Customer
AI Hyperscaler
Vertical
Generative AI
Products
Private Cloud
Building private GPU clouds for AI workloads meant to run at hyperscale requires getting countless details right: access to the latest NVIDIA GPUs, ultra-low-latency networking, cabling perfection, scalable orchestration, and strict security postures. Getting thousands of GPUs operational in a private cloud, especially on a tight schedule, comes down to careful planning, reliable processes, and a team that knows what they're doing.
When Lambda was asked to deliver thousands of GPUs as a hyperscale private cloud within just 90 days, the team knew exactly what they were getting into. Tight deadlines didn't leave room for surprises, every possible risk had to be anticipated, mitigated, and managed without compromising quality or security. To achieve this, Lambda relied on meticulous pre-deployment planning, diligent procurement, proactive contingency management, and automated validation.
The result: a fully operational, enterprise-grade GPU infrastructure, delivered exactly as promised, ready to handle critical AI workloads from day one.
Challenge
Delivering thousands of GPUs as a private cloud cluster in 90 days required Lambda to overcome several challenges:
No room for delays
Equipment lead times were longer than the project timeline. Lambda had to pre-secure key inventory before formal specs were locked-in, and build a deployment strategy around it.
Tight tolerances at scale
Tens of thousands of cable terminations, a complex multi-tier network topology, and a massive host fleet meant even small issues could cascade into major setbacks. Lambdas automation and validation workflows had to work from the first rack to the last.

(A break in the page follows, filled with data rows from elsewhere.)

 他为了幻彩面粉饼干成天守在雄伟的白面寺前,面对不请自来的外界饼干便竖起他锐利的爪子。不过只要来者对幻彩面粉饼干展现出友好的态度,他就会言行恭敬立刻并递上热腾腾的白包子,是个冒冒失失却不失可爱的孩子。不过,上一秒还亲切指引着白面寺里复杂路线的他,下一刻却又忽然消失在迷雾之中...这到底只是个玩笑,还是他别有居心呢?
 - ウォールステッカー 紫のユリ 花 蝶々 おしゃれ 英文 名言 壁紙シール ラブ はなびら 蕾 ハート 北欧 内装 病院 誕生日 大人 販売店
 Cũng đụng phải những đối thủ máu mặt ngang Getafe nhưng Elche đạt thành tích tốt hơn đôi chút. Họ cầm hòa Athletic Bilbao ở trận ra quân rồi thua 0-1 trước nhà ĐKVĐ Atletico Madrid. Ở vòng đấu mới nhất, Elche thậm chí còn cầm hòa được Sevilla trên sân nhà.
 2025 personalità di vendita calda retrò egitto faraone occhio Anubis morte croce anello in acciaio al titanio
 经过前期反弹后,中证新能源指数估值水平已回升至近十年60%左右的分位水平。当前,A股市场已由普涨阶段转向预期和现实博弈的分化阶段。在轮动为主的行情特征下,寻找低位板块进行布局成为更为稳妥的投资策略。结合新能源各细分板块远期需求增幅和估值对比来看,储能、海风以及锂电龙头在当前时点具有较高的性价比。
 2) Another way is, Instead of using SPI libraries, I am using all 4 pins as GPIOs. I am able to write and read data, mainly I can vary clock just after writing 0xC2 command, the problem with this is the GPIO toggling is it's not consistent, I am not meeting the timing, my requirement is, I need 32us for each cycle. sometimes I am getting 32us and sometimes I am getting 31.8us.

Hyperscale-ready at handoff
Every GPU, every switch, every layer of the stack was tested and verified before delivery.
Every detail mattered. The entire system had to come online cleanly and ready for production at hand-off.
Solution
To deliver on time, Lambda orchestrated a tightly integrated plan across real estate, supply chain, networking, and platform engineering builds in parallel, and relied on automation to compress timelines without sacrificing reliability.

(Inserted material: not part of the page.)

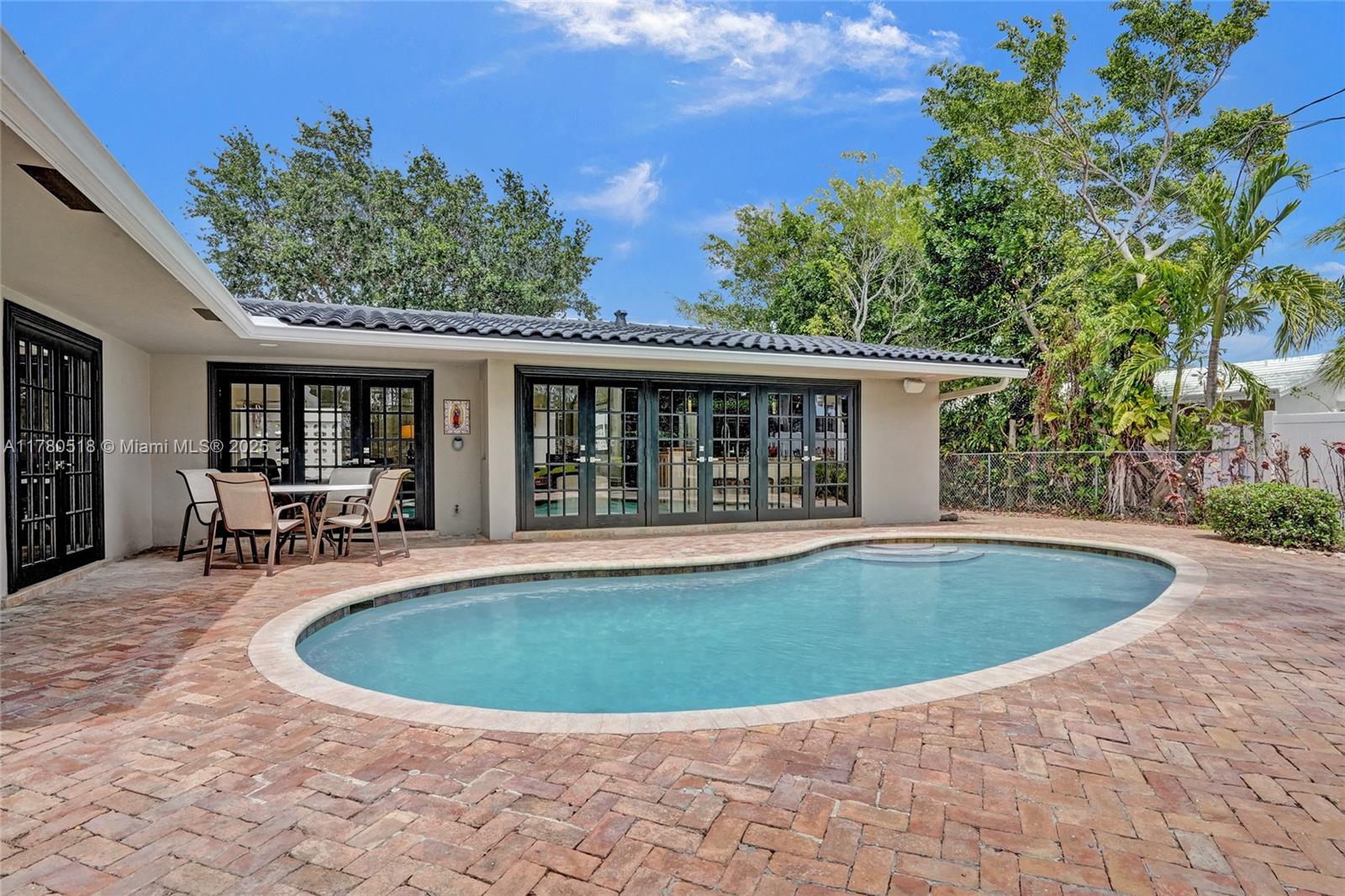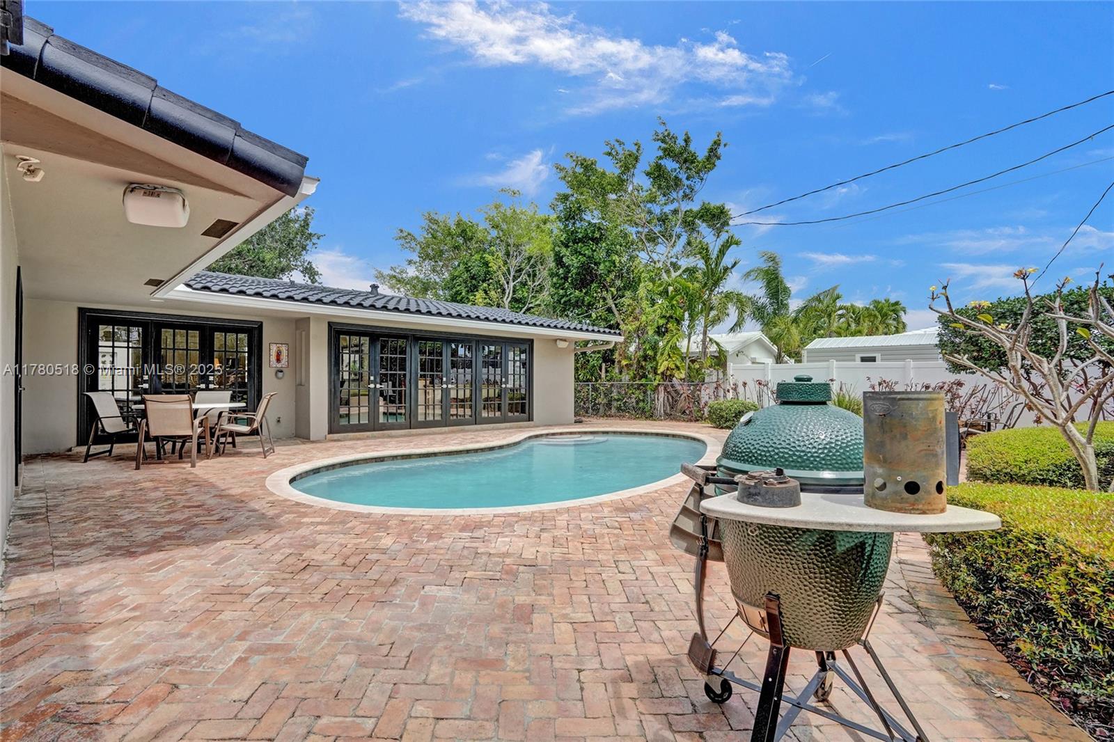 PRICED TO SELL!!! Your private retreat nestled on a peaceful cul-de-sac. Move-in ready home offers 1,749 sf under air on a spacious 10,144 sf lot with mature trees and lush landscaping. Enjoy an open floor plan that connects the great room, dining, and Italian-inspired kitchen -ideal for entertaining. French doors span the back of the home, filling it with natural light and opens to the outdoor sanctuary. Primary suite features tranquil views and poolside access. 4 bedrooms, built-ins, impact windows, and newer systems, this home blends comfort and flexibility. Step outside to a Chicago brick patio, landscaped gardens, pergola, and heated pool—perfect for relaxing or entertaining. Located between Coral Ridge Country Club and Bayview Park, and minutes to Lauderdale-by-the-Sea.

Power & Facilities Readiness
- Secured several megawatts of infrastructure capacity ahead of real estate closure
- Proactively engaged with contractors to align construction, power, and inspections to the deployment timeline
- Strategically pre-ordered long-lead power gear to avoid delays
Supply Chain & Logistics
- Sequenced hardware delivery with build milestones to avoid floor congestion
- Maintained buffer inventory to absorb failure rates without slowing down progress
Data Center Deployment
- Compressed rack deployment timelines by automating provisioning and parallelizing workflows
- On-site technical team scaled dynamically to meet daily milestones
Networking & Fabric Architecture
- Deployed a multi-tier high-performance interconnect designed for distributed AI workloads across thousands of GPUs
- Designed for NVIDIA NCCL and SHARP compatibility to support tightly-coupled distributed training workloads
- Automated network configuration through Zero Touch Provisioning (ZTP) tools
- Built for high-throughput, low-latency traffic patterns with full redundancy
Platform Automation & Provisioning
- Rolled out a new stress-tested provisioning workflow
- Enabled concurrent provisioning, significantly reducing time-to-operational readiness
Security & Compliance
- Delivered a fully isolated, single-tenant environment with no Lambda access to customer systems
- Aligned cluster operations with SOC 2 controls and zero-touch infrastructure requirements
- Integrated with the customer's Kubernetes orchestration stack to support hybrid workload requirements
Results
Lambda delivered the full hyperscale private cloud on schedule, with all systems validated, secured, and production-ready at handoff. Despite the scale and complexity, the deployment met every operational and infrastructure milestone without compromising performance or reliability.
Key outcomes
- Thousands of NVIDIA GPUs deployed, configured, and handed off in a fully operational, production-ready state in 90 days.
- Full-stack validation and burn-in completed in under 10 days.
- Network, power, and system deployment executed with minimal rework and consistent throughput.
- Delivered within a tight security envelope, aligned with SOC 2 and customer-specific compliance expectations.
The success of this build reinforces Lambda’s position as the partner of choice for AI infrastructure, capable of executing complex deployments with precision and speed, without compromising quality, control, or deadlines.